### YOUR ASSIGNMENT
Although the entries hold pictures, only their words are printed back, exactly as given.

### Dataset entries
_ _ _ _ _

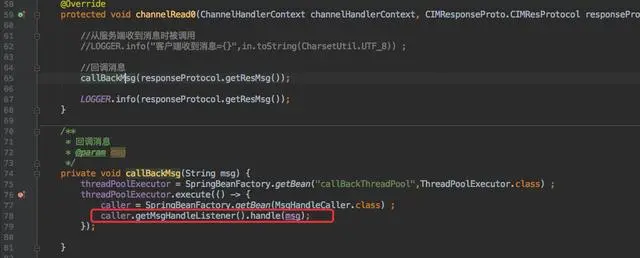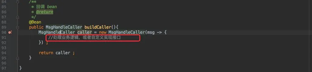 因此先创建了一个 caller 的 bean,这个 bean 中包含了一个 CustomMsgHandleListener 接口,需要自行处理只需要实现此接口即可。
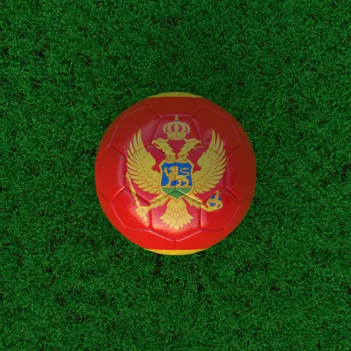 Flag of Montenegro on a Soccer Ball with a Grass Background
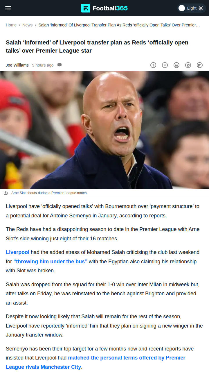 Maurice Miller+FollowSalah’s Future & Semenyo Talks: Reds’ Next Move?Big news for the Anfield faithful: Liverpool have officially started talks with Bournemouth over a payment structure for Antoine Semenyo, aiming to add depth out wide. After King Mo’s public fallout with Slot, it’s clear the club wants options, but Salah’s staying put for now. With City sniffing around too, could this be the next big Premier League rivalry in the making? Thoughts on Semenyo as a Salah backup or even future starter? #Sports #Soccer #LFC00Share
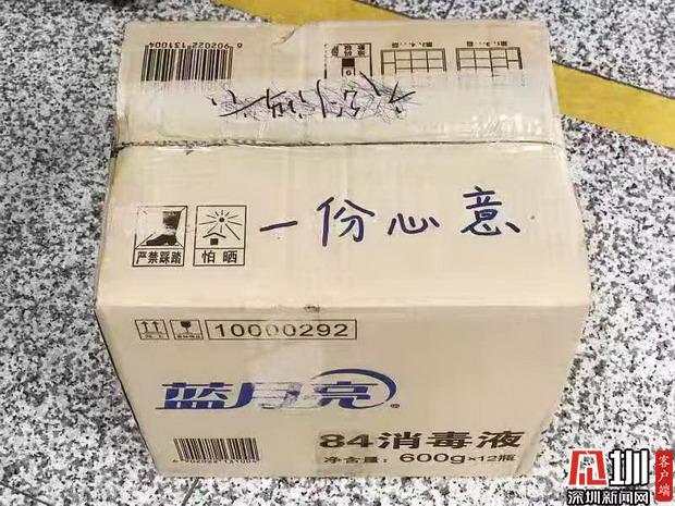 2020年1月30日晚20:55分,深圳地鐵梅村站工作人員正在安檢口執(zhí)勤時(shí),一名戴著口罩的男子走進(jìn)來(lái),放下一個(gè)箱子便轉(zhuǎn)身離去。工作人員發(fā)現(xiàn)箱子上寫(xiě)著“一份心意”四個(gè)字,打開(kāi)發(fā)現(xiàn)箱內(nèi)有12瓶84消毒液,正欲上前感謝時(shí),男子已匆匆離開(kāi),只留下了一個(gè)背影。
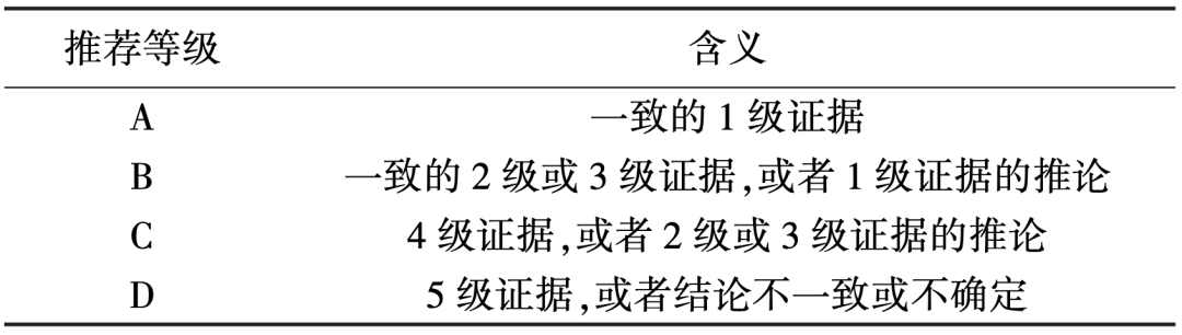 本指南工作组通过问卷调查形式,收集临床医生及患者关注的临床问题,调查收集了来自34个省、自治区、直辖市的500份医生问卷、300份患者问卷,对其进行合并去重,并根据其重要性排名及文献检索的可行性,指南工作组经过进一步讨论后最终决定纳入14个临床问题。本指南采取问题和推荐的形式,提出14个临床问题、18个推荐。证据级别(表1)与推荐等级(表2)参照英国牛津循证医学中心2009的标准[9],并在每项推荐后的括号内标注。
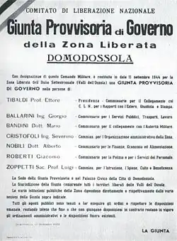 - Corrado Bonfantini, en tant que représentant de la mission CLNAI à Domodossola et ensuite du conseil de gouvernement provisoire auprès de la CLNAI elle-même à Milan ; futur membre de l'Assemblée constituante et député aux Ière, IIème et IIIᵉ législatures [14]
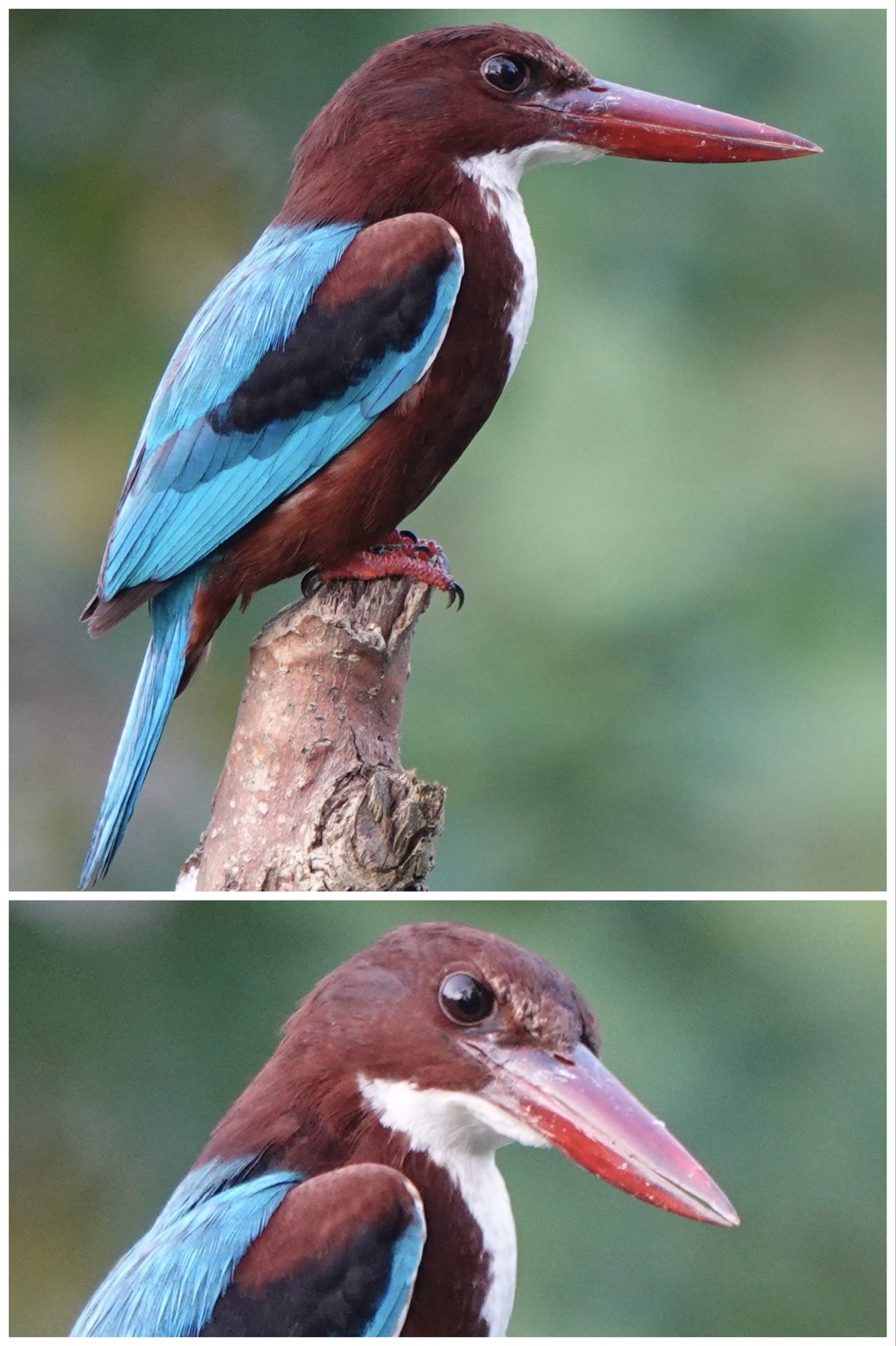 Ted found something much more interesting than either rubber or tea: an absolutely gorgeously coloured White-Throated Kingfisher. Both of us were astounded that that was the best name an ornithologist could come up with for this bird.

_ _ _ _ _

### RESPONSE FOR THIS EXERCISE
 因此先创建了一个 caller 的 bean,这个 bean 中包含了一个 CustomMsgHandleListener 接口,需要自行处理只需要实现此接口即可。
 Flag of Montenegro on a Soccer Ball with a Grass Background
 Maurice Miller+FollowSalah’s Future & Semenyo Talks: Reds’ Next Move?Big news for the Anfield faithful: Liverpool have officially started talks with Bournemouth over a payment structure for Antoine Semenyo, aiming to add depth out wide. After King Mo’s public fallout with Slot, it’s clear the club wants options, but Salah’s staying put for now. With City sniffing around too, could this be the next big Premier League rivalry in the making? Thoughts on Semenyo as a Salah backup or even future starter? #Sports #Soccer #LFC00Share
 2020年1月30日晚20:55分,深圳地鐵梅村站工作人員正在安檢口執(zhí)勤時(shí),一名戴著口罩的男子走進(jìn)來(lái),放下一個(gè)箱子便轉(zhuǎn)身離去。工作人員發(fā)現(xiàn)箱子上寫(xiě)著“一份心意”四個(gè)字,打開(kāi)發(fā)現(xiàn)箱內(nèi)有12瓶84消毒液,正欲上前感謝時(shí),男子已匆匆離開(kāi),只留下了一個(gè)背影。
 本指南工作组通过问卷调查形式,收集临床医生及患者关注的临床问题,调查收集了来自34个省、自治区、直辖市的500份医生问卷、300份患者问卷,对其进行合并去重,并根据其重要性排名及文献检索的可行性,指南工作组经过进一步讨论后最终决定纳入14个临床问题。本指南采取问题和推荐的形式,提出14个临床问题、18个推荐。证据级别(表1)与推荐等级(表2)参照英国牛津循证医学中心2009的标准[9],并在每项推荐后的括号内标注。
 - Corrado Bonfantini, en tant que représentant de la mission CLNAI à Domodossola et ensuite du conseil de gouvernement provisoire auprès de la CLNAI elle-même à Milan ; futur membre de l'Assemblée constituante et député aux Ière, IIème et IIIᵉ législatures [14]
 Ted found something much more interesting than either rubber or tea: an absolutely gorgeously coloured White-Throated Kingfisher. Both of us were astounded that that was the best name an ornithologist could come up with for this bird.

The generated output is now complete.